▸ **Exercise directions**
From the first line to the last, set down the material exactly, leaving out its pictures.

▸ **Source data**
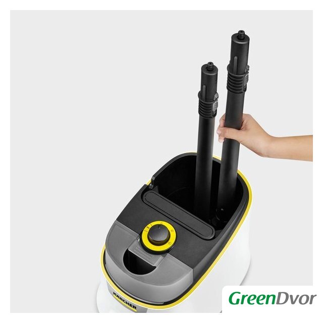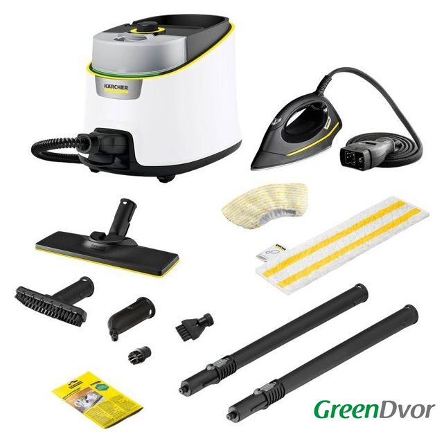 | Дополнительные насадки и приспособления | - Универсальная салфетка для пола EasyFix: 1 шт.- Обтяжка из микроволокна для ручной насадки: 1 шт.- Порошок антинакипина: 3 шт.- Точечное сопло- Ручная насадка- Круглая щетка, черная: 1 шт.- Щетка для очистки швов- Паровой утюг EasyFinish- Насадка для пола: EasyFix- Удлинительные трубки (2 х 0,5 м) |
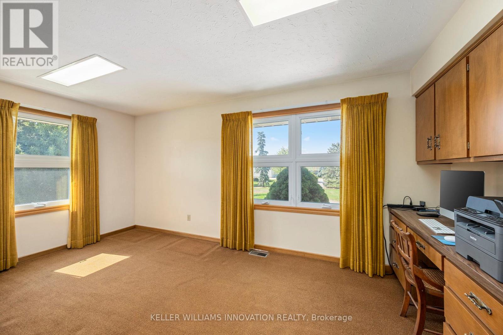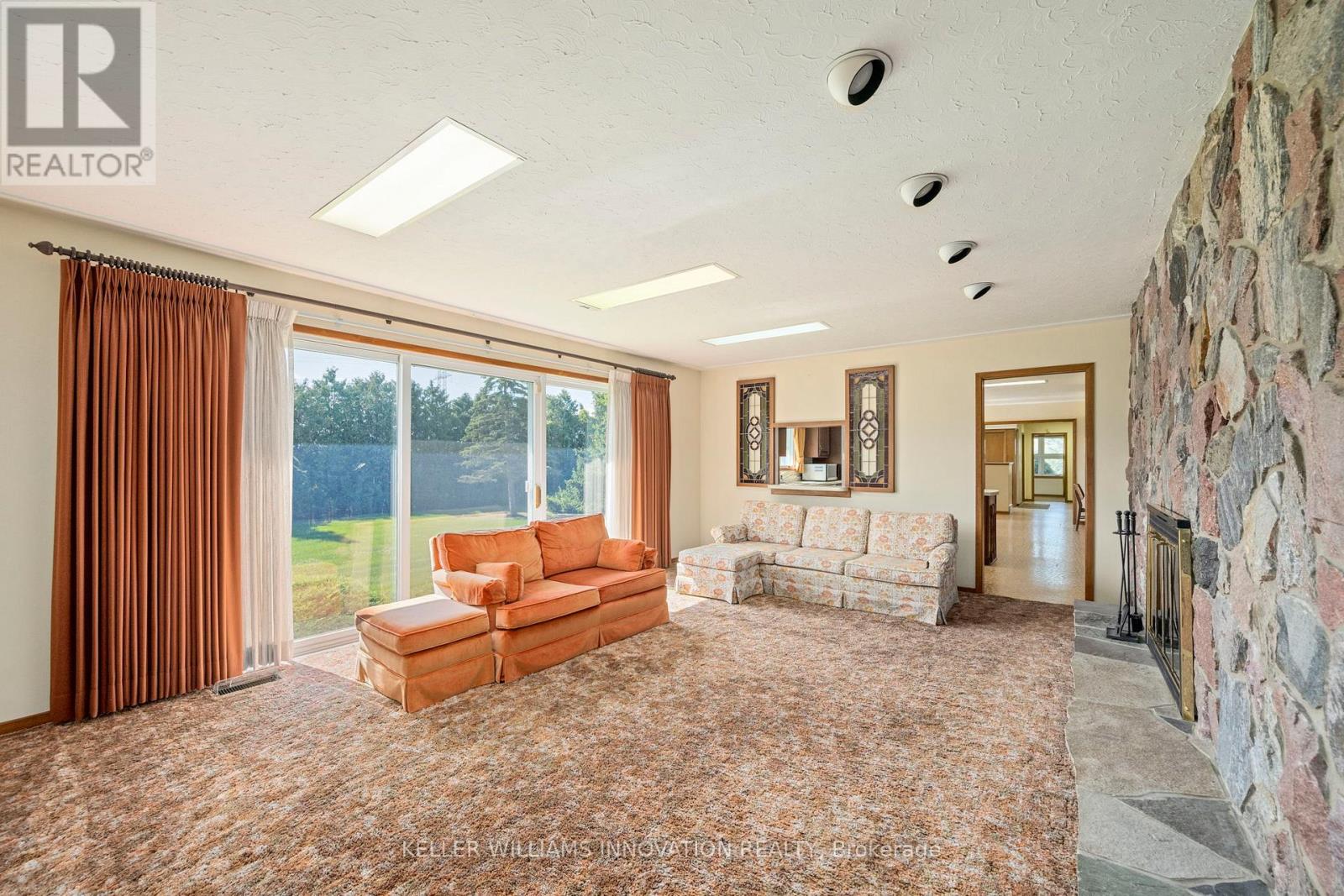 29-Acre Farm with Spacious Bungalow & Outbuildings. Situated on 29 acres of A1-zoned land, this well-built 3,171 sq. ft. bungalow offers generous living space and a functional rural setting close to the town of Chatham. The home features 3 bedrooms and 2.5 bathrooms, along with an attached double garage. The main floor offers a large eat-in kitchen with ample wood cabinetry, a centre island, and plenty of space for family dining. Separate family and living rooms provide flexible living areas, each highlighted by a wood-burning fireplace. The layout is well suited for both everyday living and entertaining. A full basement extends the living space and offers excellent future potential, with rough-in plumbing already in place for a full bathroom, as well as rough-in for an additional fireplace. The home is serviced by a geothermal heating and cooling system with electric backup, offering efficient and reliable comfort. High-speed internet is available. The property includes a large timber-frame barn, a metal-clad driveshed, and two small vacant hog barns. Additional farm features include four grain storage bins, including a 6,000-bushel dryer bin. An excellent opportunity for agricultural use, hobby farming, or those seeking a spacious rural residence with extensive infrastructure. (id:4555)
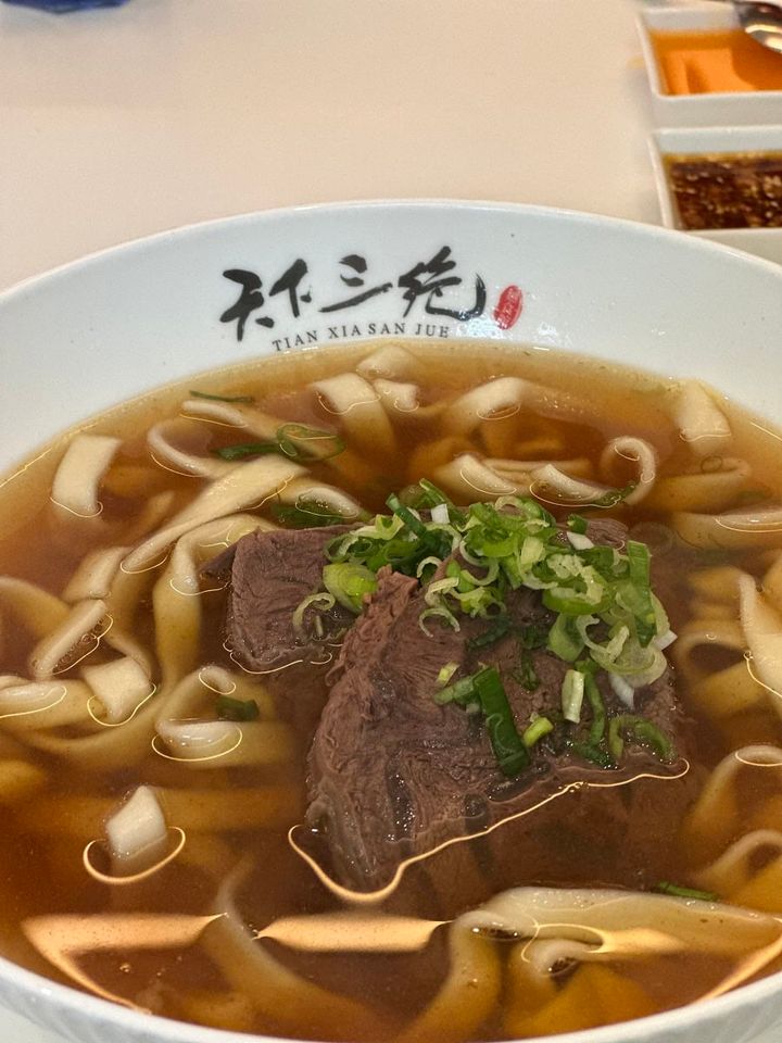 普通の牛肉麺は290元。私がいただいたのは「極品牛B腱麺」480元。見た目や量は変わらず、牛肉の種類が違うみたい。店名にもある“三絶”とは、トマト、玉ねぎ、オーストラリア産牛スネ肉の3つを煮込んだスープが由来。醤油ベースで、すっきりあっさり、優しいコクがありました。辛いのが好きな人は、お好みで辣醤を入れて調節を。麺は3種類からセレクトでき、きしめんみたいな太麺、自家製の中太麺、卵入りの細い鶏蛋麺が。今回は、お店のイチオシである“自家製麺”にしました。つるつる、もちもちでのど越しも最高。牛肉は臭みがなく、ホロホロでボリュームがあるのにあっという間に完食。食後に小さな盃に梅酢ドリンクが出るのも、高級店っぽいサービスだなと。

▸ **Exercise answer**
 | Дополнительные насадки и приспособления | - Универсальная салфетка для пола EasyFix: 1 шт.- Обтяжка из микроволокна для ручной насадки: 1 шт.- Порошок антинакипина: 3 шт.- Точечное сопло- Ручная насадка- Круглая щетка, черная: 1 шт.- Щетка для очистки швов- Паровой утюг EasyFinish- Насадка для пола: EasyFix- Удлинительные трубки (2 х 0,5 м) |
 29-Acre Farm with Spacious Bungalow & Outbuildings. Situated on 29 acres of A1-zoned land, this well-built 3,171 sq. ft. bungalow offers generous living space and a functional rural setting close to the town of Chatham. The home features 3 bedrooms and 2.5 bathrooms, along with an attached double garage. The main floor offers a large eat-in kitchen with ample wood cabinetry, a centre island, and plenty of space for family dining. Separate family and living rooms provide flexible living areas, each highlighted by a wood-burning fireplace. The layout is well suited for both everyday living and entertaining. A full basement extends the living space and offers excellent future potential, with rough-in plumbing already in place for a full bathroom, as well as rough-in for an additional fireplace. The home is serviced by a geothermal heating and cooling system with electric backup, offering efficient and reliable comfort. High-speed internet is available. The property includes a large timber-frame barn, a metal-clad driveshed, and two small vacant hog barns. Additional farm features include four grain storage bins, including a 6,000-bushel dryer bin. An excellent opportunity for agricultural use, hobby farming, or those seeking a spacious rural residence with extensive infrastructure. (id:4555)
 普通の牛肉麺は290元。私がいただいたのは「極品牛B腱麺」480元。見た目や量は変わらず、牛肉の種類が違うみたい。店名にもある“三絶”とは、トマト、玉ねぎ、オーストラリア産牛スネ肉の3つを煮込んだスープが由来。醤油ベースで、すっきりあっさり、優しいコクがありました。辛いのが好きな人は、お好みで辣醤を入れて調節を。麺は3種類からセレクトでき、きしめんみたいな太麺、自家製の中太麺、卵入りの細い鶏蛋麺が。今回は、お店のイチオシである“自家製麺”にしました。つるつる、もちもちでのど越しも最高。牛肉は臭みがなく、ホロホロでボリュームがあるのにあっという間に完食。食後に小さな盃に梅酢ドリンクが出るのも、高級店っぽいサービスだなと。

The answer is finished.